Österreichs Finanzminster Grasser sieht keine Abhängigkeit vom Öl
Unterschiedliche Reaktionen zu hohem Ölpreis

Außenhandelsverbands-Präsident Anton Börner rechnet wegen des Ölpreisanstiegs nicht im laufenden, aber im kommenden Jahr mit negativen Folgen für die Weltwirtschaft und die deutsche Wirtschaft.

HB BERLIN. "Dieses Jahr ist mehr oder weniger gelaufen", sagte Börner. Grund sei, dass die Handelnden sich durchweg vertraglich Öllieferungen zu noch niedrigen Preisen gesichert hätten. Im nächsten Jahr, wenn diese Verträge ausgelaufen seien, werde sich die Negativwirkung aber entfalten. „Wir werden mit einer Kostenexplosion und Inflationsdruck rechnen müssen“, sagte er, und zwar im gesamten Energiebereich.

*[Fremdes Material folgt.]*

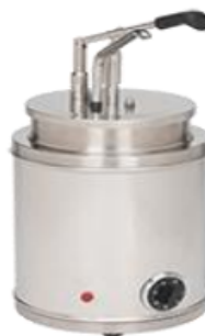
Compl.Pompa + contenitore 4 o 6lt
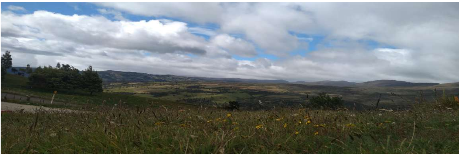
Plan de Sumapaz 29-07-2021
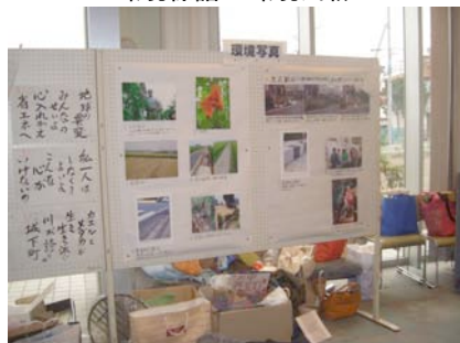
環境都都逸に環境写真
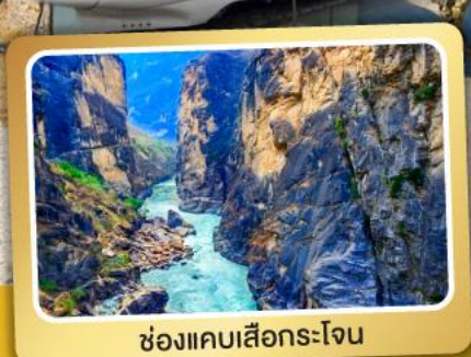
ช่องแคบเสื่อกระโจน

เมนูพิเศษ ! สุกี่ปลาเซลมอน สุกี่เห็ด อาหารกวางตุ้ง
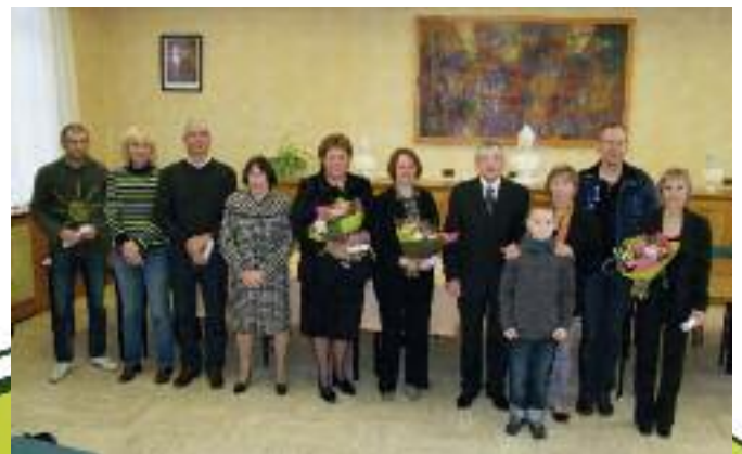
Le 26 février, autour du Maire et des élus, quelques médaillés se prêtent au jeu de la photo souvenir.

Der Preis für ein Barrel leichtes US-Öl zur war am Montag in New York auf 50 Dollar geklettert.

Den Anstieg würden auch die Verbraucher zu spüren bekommen. Für die deutsche Exportwirtschaft heiße das: „Dieses Jahr werden wir nicht wiederholen können“. Für 2004 rechnete Börner bislang mit 9,5 bis elf Prozent Exportwachstum. Beim Ölpreis sieht der Außenhandelspräsident zwar in nächster Zeit eine „Korrektur nach unten“. Er werde aber Ende des Jahres „hoch, über 40 Dollar“ bleiben.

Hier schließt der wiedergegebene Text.